Yattığım yerde hafifçe doğrulup üzerimdekileri çekmeden, elimle dağılmış saçlarımı düzeltip konuşmaya başladım.
''Siz kimsiniz? Ben...neredeyim?'' Birkaç saniye süren sessizlik sonrası ikisinin de bakışları bana dönmüştü. Bulunduğum konum sebebiyle yüzlerini net göremesem de bu benim için çokta önemli bir detay değildi.
''Sakin ol, biz dostuz.'' Şoför koltuğunun yanındaki koltukta oturan çocuk gerginliğimi anlamış olacak ki, saçma ama rahatlatıcı sözleriyle gerginliğimi biraz olsun azaltmıştı. Pekala, madem güvenilirsiniz uykuma kaldığım yerden devam edebilirim.
''Neden buradayım?'' Kollarım beni taşımaktan isyan edince boş verip tekrar başımı koltuğa koyup yattım. Sanırım ateşim vardı.
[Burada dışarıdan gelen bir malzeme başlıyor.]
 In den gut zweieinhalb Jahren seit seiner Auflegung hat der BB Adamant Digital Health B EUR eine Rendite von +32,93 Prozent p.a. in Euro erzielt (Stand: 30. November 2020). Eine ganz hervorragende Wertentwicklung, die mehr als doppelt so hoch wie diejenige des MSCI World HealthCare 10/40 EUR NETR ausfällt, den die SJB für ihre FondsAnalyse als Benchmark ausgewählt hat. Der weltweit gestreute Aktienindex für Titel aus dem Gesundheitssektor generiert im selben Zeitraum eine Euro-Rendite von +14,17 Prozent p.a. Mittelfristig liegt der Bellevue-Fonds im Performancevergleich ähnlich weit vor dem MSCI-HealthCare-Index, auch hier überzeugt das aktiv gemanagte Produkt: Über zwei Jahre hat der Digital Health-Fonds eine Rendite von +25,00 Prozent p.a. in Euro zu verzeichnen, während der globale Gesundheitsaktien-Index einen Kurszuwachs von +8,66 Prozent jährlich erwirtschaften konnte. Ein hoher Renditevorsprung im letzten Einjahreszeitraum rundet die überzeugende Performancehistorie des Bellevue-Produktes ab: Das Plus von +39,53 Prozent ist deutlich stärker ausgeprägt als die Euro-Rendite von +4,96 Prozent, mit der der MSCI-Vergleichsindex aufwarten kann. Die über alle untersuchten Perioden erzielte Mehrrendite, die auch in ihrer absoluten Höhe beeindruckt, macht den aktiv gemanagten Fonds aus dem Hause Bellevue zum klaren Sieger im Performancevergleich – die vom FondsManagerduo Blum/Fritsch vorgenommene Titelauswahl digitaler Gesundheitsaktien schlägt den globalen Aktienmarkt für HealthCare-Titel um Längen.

''Onu biz de bilmiyoruz ama bildiklerimizi konuşmak için yüz yüze bakabileceğimiz bir yere gitsek iyi olacak. İnip banklarda mı otursak?'' Soruyu şoför koltuğunda oturan çocuğa bakarak sormuştu ama o pek buralı gibi değildi, hiç muhatap olmamıştı benimle.
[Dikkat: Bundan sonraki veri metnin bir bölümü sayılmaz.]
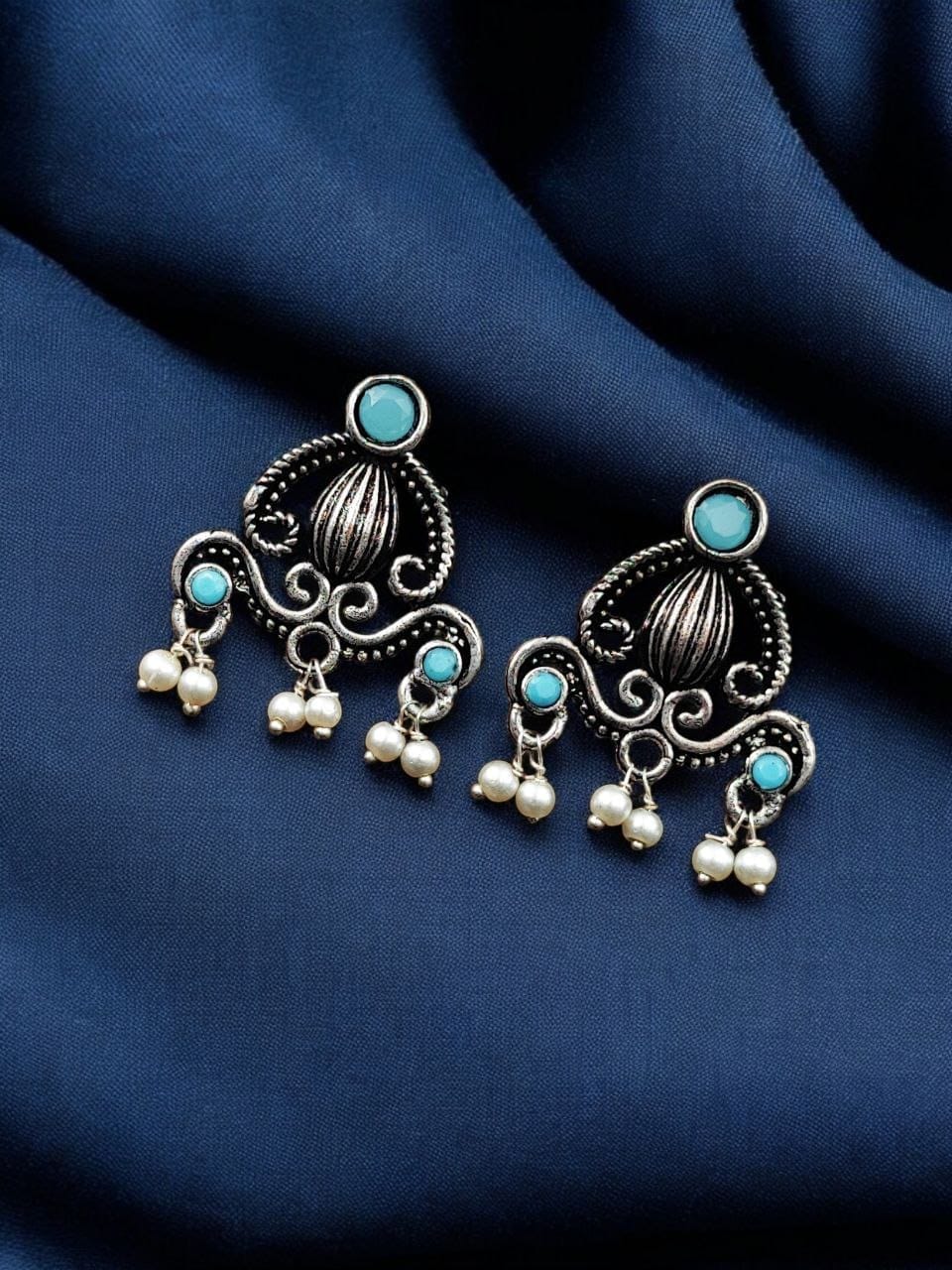 Aqua Ethnic Indian Silver-toned Oxidized Earring Affordable Stud with Pearl Beads Drop for Women

''Ateşi var, üşür orada.'' Şoför koltuğundaki çocuk sessizliğini bozduğunda yanındaki hemen karşı savunmaya geçmişti. Öylece dinliyordum konuşmalarını.
''Hava kırk derece falan.''
''Üşür dedim Burak.'' Sesini biraz yükselttiğinde kaşlarım çatılmıştı.
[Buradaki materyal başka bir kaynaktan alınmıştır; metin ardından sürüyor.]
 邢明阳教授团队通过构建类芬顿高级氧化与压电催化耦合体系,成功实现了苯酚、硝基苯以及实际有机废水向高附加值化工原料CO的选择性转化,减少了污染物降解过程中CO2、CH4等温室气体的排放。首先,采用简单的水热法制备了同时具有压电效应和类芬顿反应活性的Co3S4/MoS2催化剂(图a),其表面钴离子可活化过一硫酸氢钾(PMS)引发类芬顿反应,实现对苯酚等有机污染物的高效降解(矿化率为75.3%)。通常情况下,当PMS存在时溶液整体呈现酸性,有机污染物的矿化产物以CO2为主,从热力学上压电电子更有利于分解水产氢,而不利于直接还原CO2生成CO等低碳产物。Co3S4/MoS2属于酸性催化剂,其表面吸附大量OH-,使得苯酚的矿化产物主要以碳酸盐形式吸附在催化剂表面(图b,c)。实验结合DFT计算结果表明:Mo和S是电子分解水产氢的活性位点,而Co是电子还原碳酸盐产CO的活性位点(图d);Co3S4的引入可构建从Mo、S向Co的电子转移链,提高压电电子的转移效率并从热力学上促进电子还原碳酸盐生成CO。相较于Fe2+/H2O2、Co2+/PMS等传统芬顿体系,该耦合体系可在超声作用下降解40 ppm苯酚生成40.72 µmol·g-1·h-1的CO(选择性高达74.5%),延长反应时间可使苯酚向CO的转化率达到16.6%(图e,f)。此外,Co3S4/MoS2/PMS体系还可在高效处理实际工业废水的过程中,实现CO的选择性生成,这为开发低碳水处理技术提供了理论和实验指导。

''Aman ne istiyorsan onu yap, tamam.'' Bakışlarını bana çevirip sözlerine devam etti. ''Onun kusuruna bakma İloş, sevgilisi kaçırıldığı için bu kadar gergin. Yani ben de iki gündür tanıyorum evet ama normalde daha sakindir diye düşünüyorum.'' Sözlerini bitirince bana sandviç uzatmıştı.
Karnım çok aç olduğu için hiç sorgulamadan aldım sandviçi ve üzerimdekileri atmadan doğrulup yemeye başladım. Adımı nereden bildiğini sormadan önce sormam gereken çok fazla şey vardı ama o enerji bende yoktu. Şu an bir arabanın içinde, tanımadığım iki adamla birlikte oturmuş sandviç yiyor olmam oldukça garip bir olaydı belki ama o kadar halsizdim ki tek kelime edecek dermanım yoktu.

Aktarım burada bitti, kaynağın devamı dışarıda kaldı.